Allow me to quote Thoreau: “I went to the woods because I wanted to live deliberately, I wanted to live deep and suck out all the marrow of life, To put to rout all that was not life and not when I had come to die discover that I had not lived.” Having advanced cancer has reminded me I have nothing to lose by living deliberately—to be consciously aware, moment by moment, of where I am and what I’m doing and how God may be present in my circumstances. Immune cells, by the way, are made in the marrow of bones, so I love the imagery of sucking them out—of life regenerating life. That’s such a powerful thought. We should all try to live more deeply, more dangerously than we are. To some extent, melanoma makes that easier for me.


Anonymous said...

Congratulations on turning 5 again. I have quite a memory of a day at OHSU with you and Ellen then. Steve brought out some interesting reflections on this time to celebrate.

Anonymous said...

Peter, I'm interested in how you "extend grace to them".
Janet M

Peter Ogle said...

Grace practically evaporates as soon as it's examined. I thus hesitate to define my meaning, other than to say that grace is unmerited favor. When we extend such favor to others we are simply doing for others as Christ has already done for us. We act kindly and generously without expectation of the outcome. Much easier said than done.

Anonymous said...

LOVED reading this. Thank you for posting. Steve, great job with your thoughtful (if at times "sheesh"-provoking) questions. Peter, as always, your candidness and ability/willingness to dig deep reaps rewards for us all.

Rpm said...

i learn so much from what you share. I'm not new to cancer, but became reacquainted with melanoma June 20th of this year. our first brush was 1995. I love you characterization of Dr Vetto.

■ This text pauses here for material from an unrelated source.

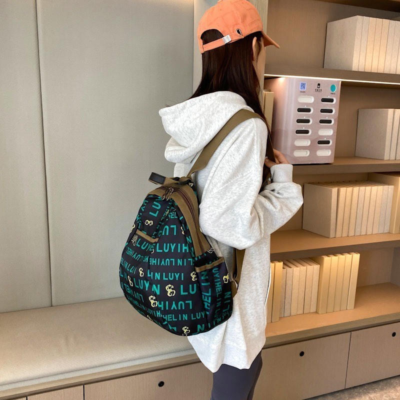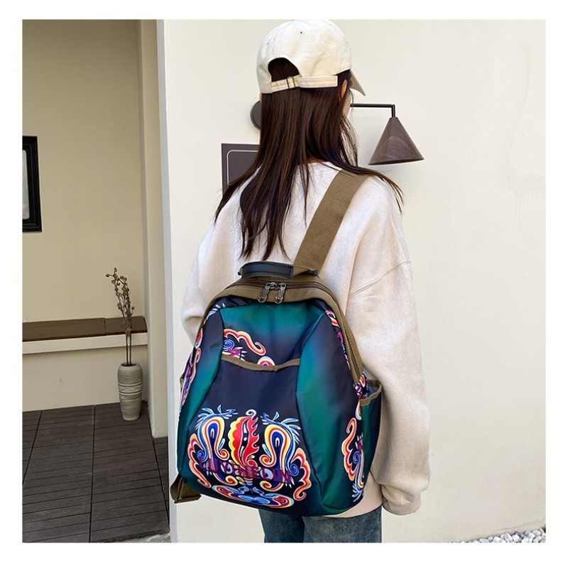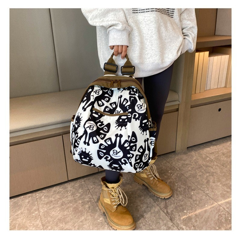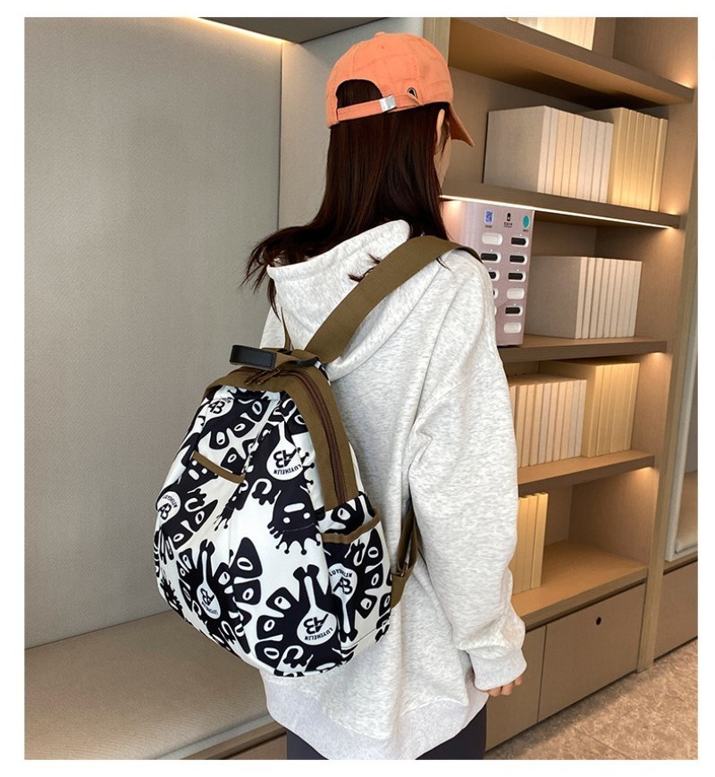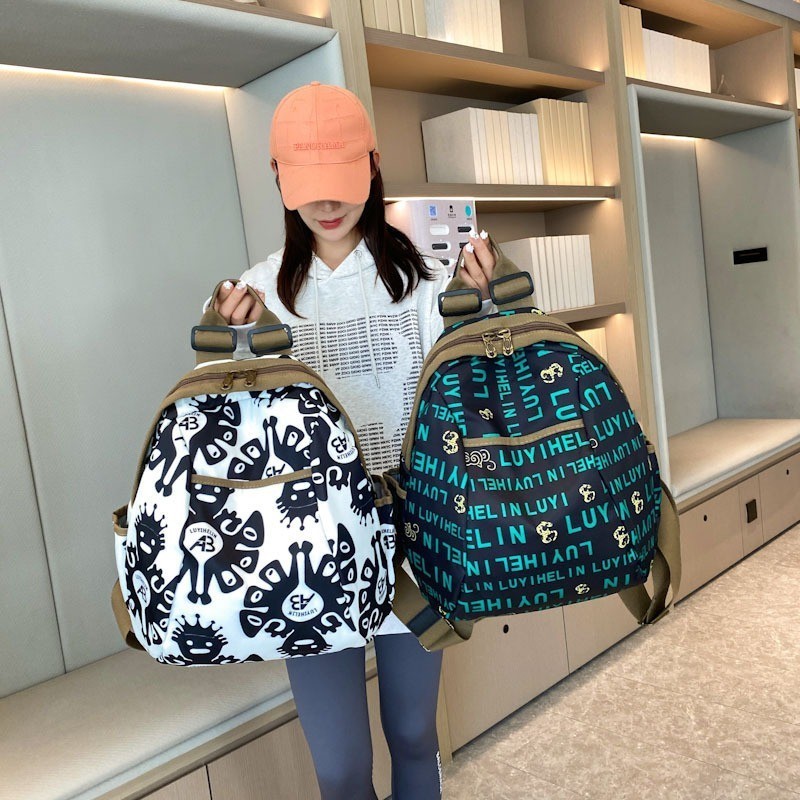 Ielgy Printed Ladies Backpack Oxford Cloth Large Capacity Backpack Harajuku Travel Design Sense School Bag

I've been cut on a lot for other reasons (prostate cancer among them) and I truly love the guy. we take him jars of our homemade organic raspberry jam.

I hope you have a very very healthy and long journey. grandkids are amazing. I'm blessed to have 2 now, one of them 3 weeks old. thank you for putting yourself and the time it takes into this blog. you probably help a lot of us. I'm now contemplating Interferon and on the fence.